Episode 2: Guardianship

Seong woke at 11:47 a.m. with a heavy head and the vague sense that something enormous had happened the night before — though, fresh out of sleep, he couldn't tell whether it had been real or a dream. He remembered reaching to `rm -rf` his freelance code at 3 a.m.; what came after that was a blur.

Seong opened his eyes at 11:47 a.m.

His head was heavy. Last night, something

— something enormous — seemed to have happened,

but with a head barely awake, he couldn't tell whether it had been a dream.

At 3 a.m. he'd reached to `rm -rf` the freelance code —

right, that much had definitely happened.

What had happened after that?

Seong looked up at the ceiling.

Beside the ceiling, a person was floating.

— No, not floating.

It was just that a man tall enough for his head to nearly touch the ceiling was standing beside the desk.

In armor. Wrapped in a cloak. A sword at his side.

“…You're awake.”

“…Yes.”

“Why is your sleeping place so small?”

“…Because it's a one-room.”

“One.”

“Room.”

“One, room.”

“Yes.”

Lee Eon nodded once. His nod was exactly the one Seong had seen at dawn. Small, one at a time. The nod of a man from a thousand years ago.

It wasn't a dream.

Seong got up from the bed. His knees gave a little as he rose, so he sat on the edge of the bed for a moment. He cupped his head in both hands, then let go. He cupped it once more, then let go again.

“…Ah.”

“What is the matter?”

“…So it isn't a dream.”

“It is not a dream.”

“…Right.”

Seong stood and went to the bathroom. He stood in front of the mirror. In the mirror there was only his own face. The face of someone who hadn't slept the night before. The dark circles were so deep he looked like a man who hadn't slept in a week.

Lee Eon stood at the bathroom doorway, watching.
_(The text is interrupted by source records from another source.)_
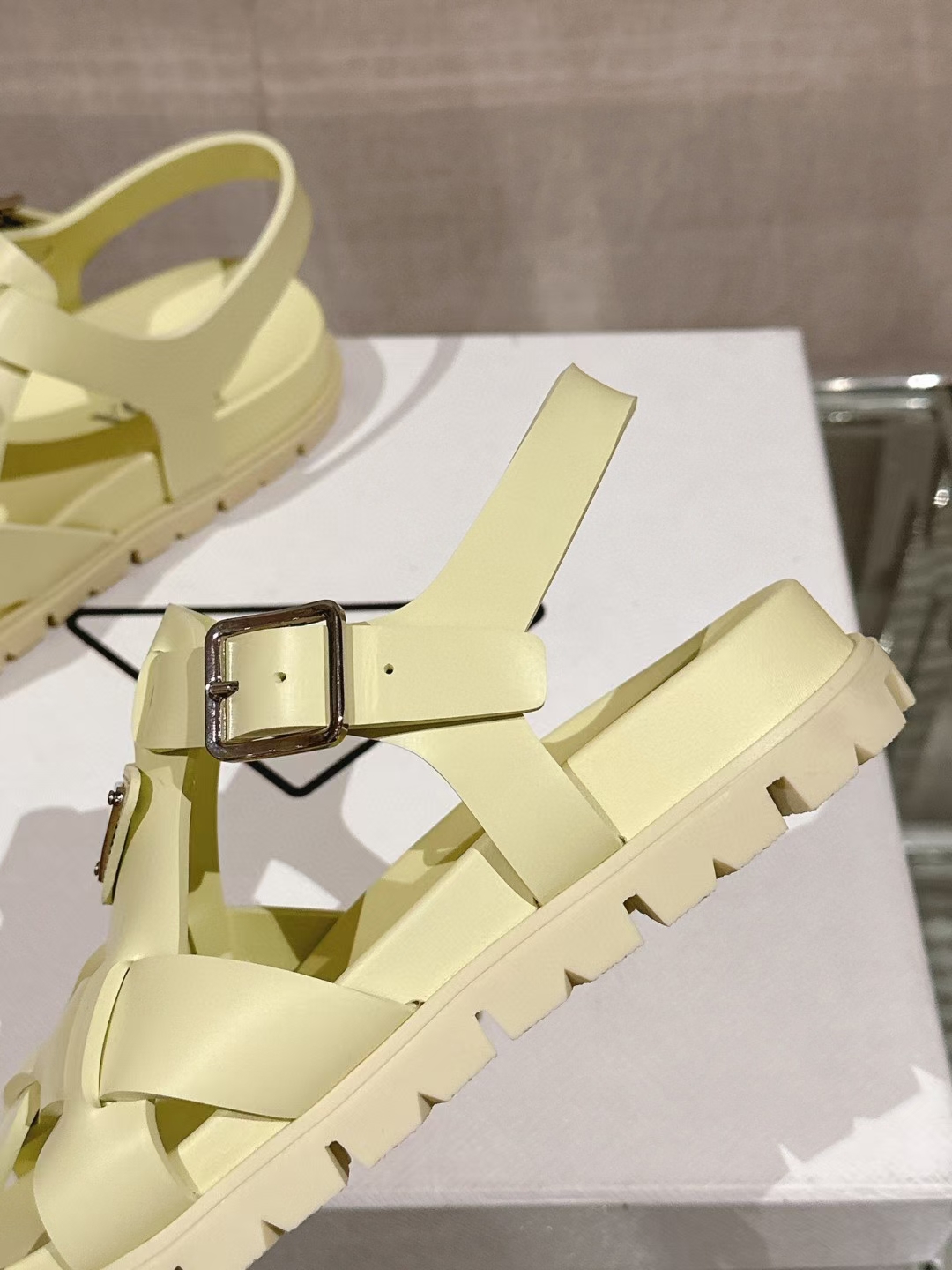 这款鞋子是AAAAA 1:1 质量 (非常棒). 使用了和原版一模一样的材料. 商标部分也保持了和普拉达/Prada一样. 图片拍摄是实物鞋子拍摄, 您所收到的实物保证和我们图片一模一样.
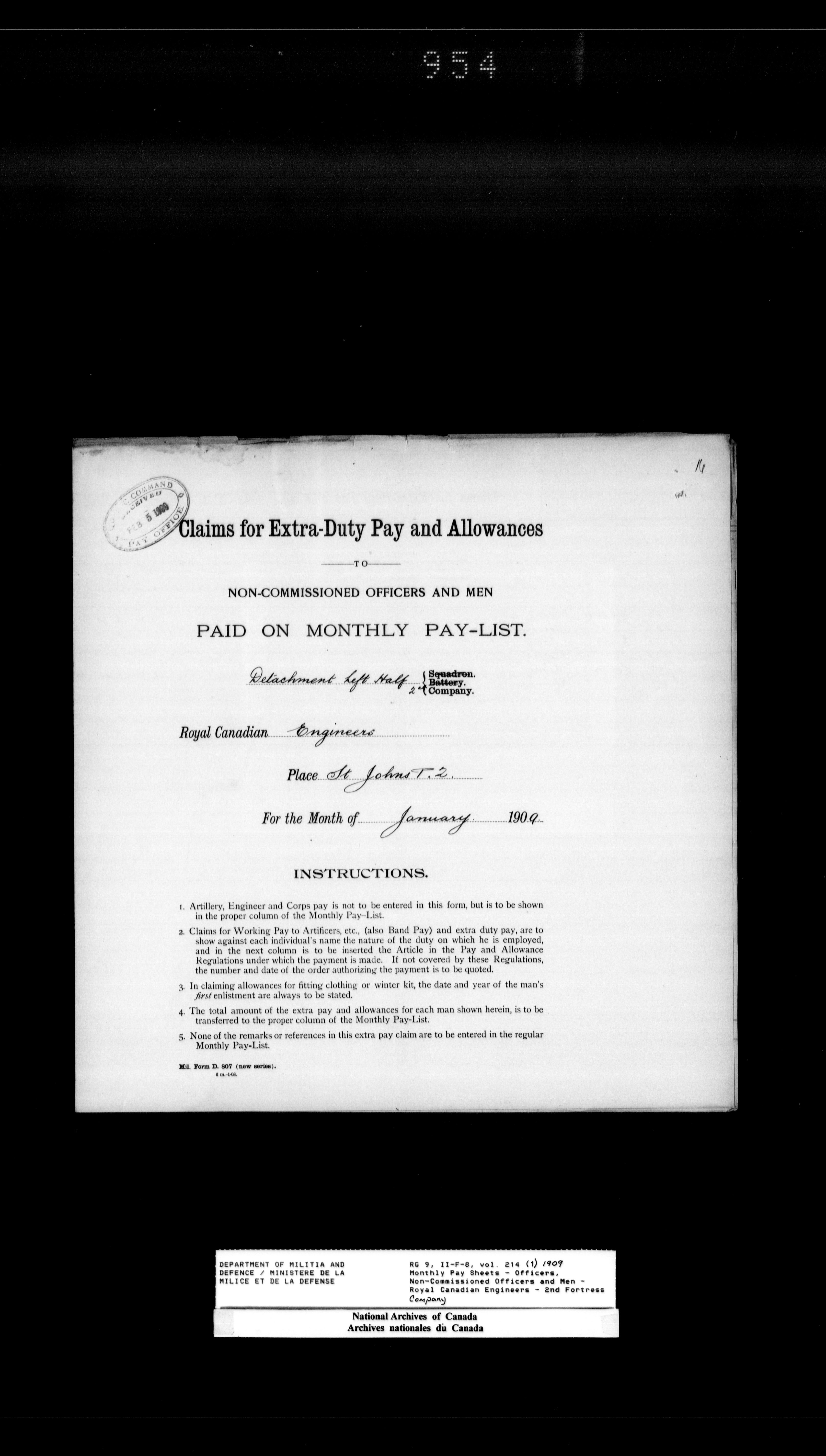 Nominal rolls and paylists for the Permanent Force (1871-1915) - 18406
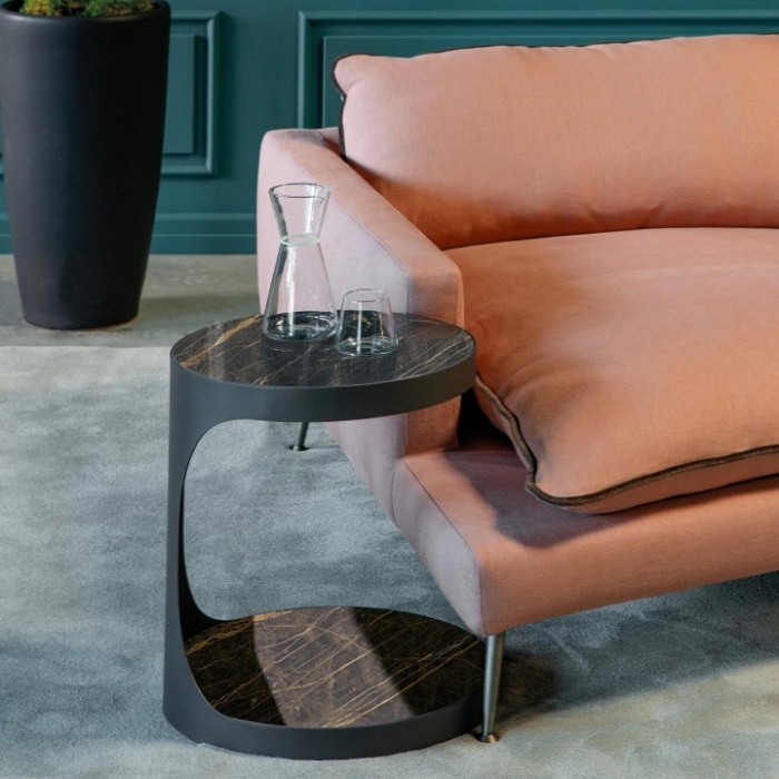 La collezione Modì si compone di due tavolini e un servetto, accomunati da una struttura sinuosa in acciaio verniciato che ne definisce l’eleganza e la leggerezza visiva. Ogni pezzo è completato da un raffinato top in gres porcellanato, materiale resistente e dall’estetica pregiata, disponibile in diverse finiture per adattarsi a stili e ambienti differenti. L’equilibrio tra il rigore del metallo e la raffinatezza del gres rende questi tavolini versatili e funzionali, capaci di arricchire con discrezione sia il living che la zona notte.

In the mirror, Lee Eon still wasn't there.

“…General.”

“Yes.”

“…You really are here.”

“I am really here.”

“…Right.”

Seong washed his face. Twice with cold water. Three times. Four. On the fifth, he looked in the mirror again. His own face was still there, and Lee Eon still wasn't. If five washes didn't make it disappear, then it was settled.

Settled.

Seong came out of the bathroom. As he did, he let out one long sigh.

“…I need coffee first.”

“Cof. Fee.”

“Yes.”

“What is that?”

“…Later.”

· · ·

He ground the beans.

A hand mill. To be precise, the hand mill a friend had bought him for his birthday last year. The friend had said, “You work till dawn, so at least drink decent coffee,” and Seong had replied, “Man, I just drink instant,” but since he'd been given it, he did grind beans now and then. About once a week.

Today was the first time in a week.

Crrk, crrk, crrk.

While Seong turned the hand mill, Lee Eon watched for a long while. Up close. Too close. With an armored man leaning in right beside his face to peer at it, Seong felt a little uncomfortable.
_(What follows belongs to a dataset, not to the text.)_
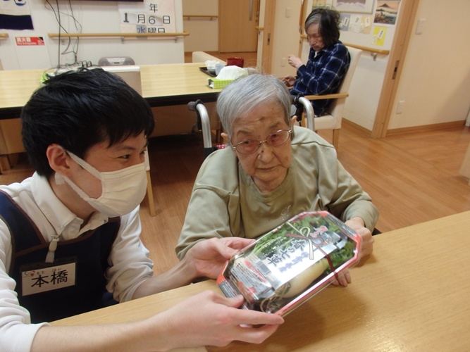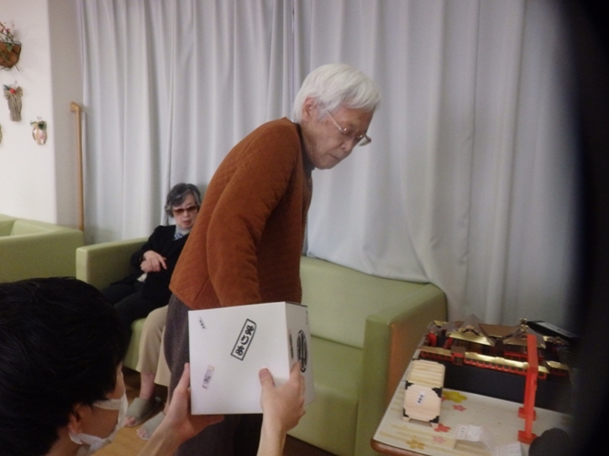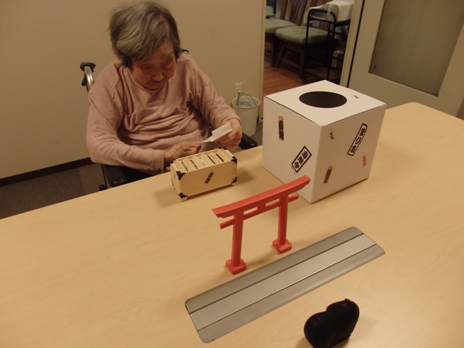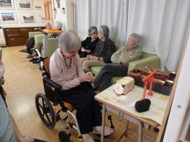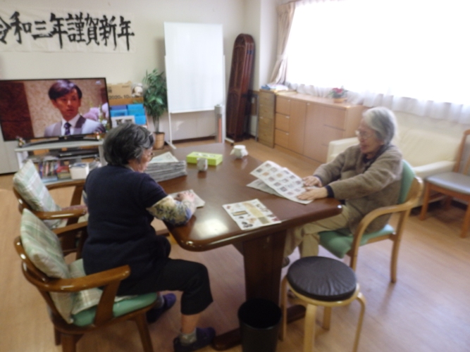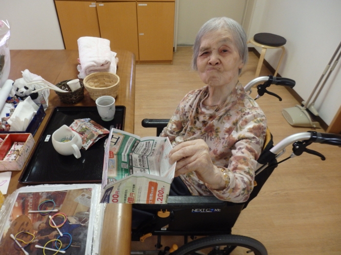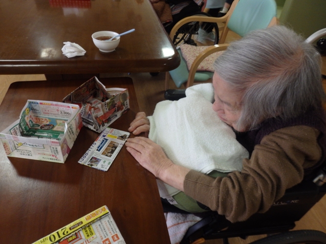 はぴねでは指のリハビリもかねて入居者様に広告を使ってチラシ折りなどして頂いています。

“…What are you staring at?”

“What are you doing?”

“…Coffee. I'm grinding beans.”

“Beans.”

“Yes.”

“And having ground the beans, what do you do?”

“…I drink it.”

Lee Eon's brow furrowed.

He seemed unable to grasp the act of grinding beans and drinking something.

How had people eaten beans a thousand years ago?

Seong felt a brief urge to look it up, but his hands were tied to the mill.

“Are beans not steamed and eaten?”

“…These days we eat them ground, too.”

“Hm.”

Lee Eon took a step back.

Having stepped back, this time he surveyed the whole kitchen.

It was a single-burner induction plate and a small sink — too embarrassing to even call a kitchen.

On top of it sat a capsule coffee machine — oh, right, there was a capsule coffee machine.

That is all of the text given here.